UNITED STATES DISTRICT COURT
FOR THE DISTRICT OF COLUMBIA
___________________________________
)
STEVEN P. FLEMING )
)
Plaintiff, )
)
v. ) Civil Action No. 13-0488 (ABJ)
)
NATIONAL TRANSPORTATION )
SAFETY BOARD, et al., )
)
Defendants. )
___________________________________ )
MEMORANDUM OPINION
On May 22, 2013, the National Transportation Safety Board (“NTSB”) filed a motion to
dismiss under Rules 12(b)(1) and 12(b)(6) of the Federal Rules of Civil Procedure for,
respectively, lack of subject matter jurisdiction and for failure to state a claim upon which relief
can be granted. Def.’s Mem. of Law in Support of Mot. to Dismiss Compl. at 1. In the
alternative, the NTSB “move[d] in conformity with [Rule] 12(e) to require Plaintiff to file an
amended complaint.” Id. On May 23, 2013, the Court issued an Order advising Plaintiff of his
obligations under the Federal Rules of Civil Procedure and warning him that, if he did not
respond by June 21, 2013, the Court would treat the motion as conceded. On June 3, 2013,
Plaintiff filed an amended complaint. 1 For the reasons discussed below, the Court concludes that
1
The Amended Complaint lists a single defendant, the NTSB. Senior Judges Fowler and
Godbond and Chairman Hersman, the three additional defendants listed in the original
complaint, are dismissed as party defendants.
1
the amended complaint must be dismissed both for lack of subject matter jurisdiction and for
failure to state a claim upon which relief can be granted.

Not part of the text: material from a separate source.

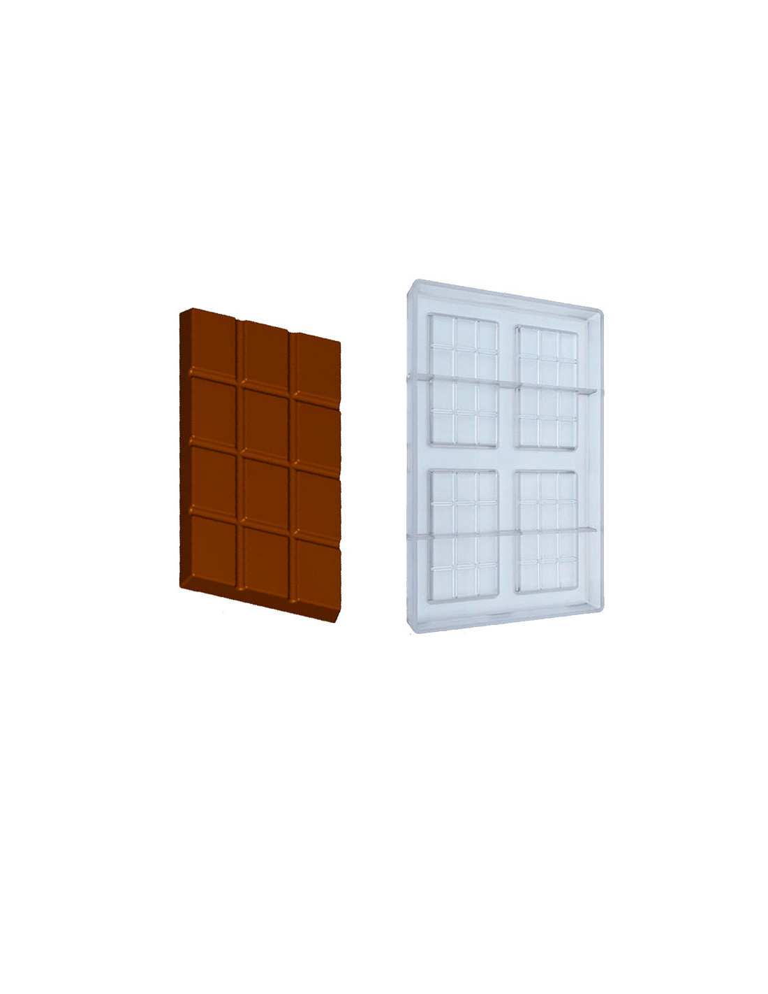 Molde de policarbonato para tableta de chocolate CW2438, de Chocolate World. 3 cavidades de 156 x 77 x 6 mm. Volumen: 70 gramos.

Plaintiff need only provide a “short and plain statement of [his] claim showing that [he is]
entitled to relief,” Fed. R. Civ. P. 8(a)(2), that “give[s] the defendant fair notice of what the . . .
claim is and the grounds upon which it rests.” Erickson v. Pardus, 551 U.S. 89, 93 (2007) (per
curiam) (quoting Bell Atl. Corp. v. Twombly, 550 U.S. 544, 555 (2007)) (internal quotation
marks omitted). “A motion to dismiss under Rule 12(b)(6) tests not whether the plaintiff will
prevail on the merits, but instead whether the plaintiff has properly stated a claim.” Woodruff v.
DiMario, 197 F.R.D. 191, 193 (D.D.C. 2000). A complaint survives a motion under Rule
12(b)(6) only if it “contain[s] sufficient factual matter, accepted as true, to state a claim to relief
that is plausible on its face.” Ashcroft v. Iqbal, 556 U.S. 662, 678 (2009).
“Rule 12(b)(1) presents a threshold challenge to the court’s jurisdiction.” Haase v.
Sessions, 835 F.2d 902, 906 (D.C. Cir. 1987); see Bell v. Hood, 327 U.S. 678, 682 (1946). A
complaint is subject to dismissal on jurisdictional grounds “when it ‘is patently insubstantial,’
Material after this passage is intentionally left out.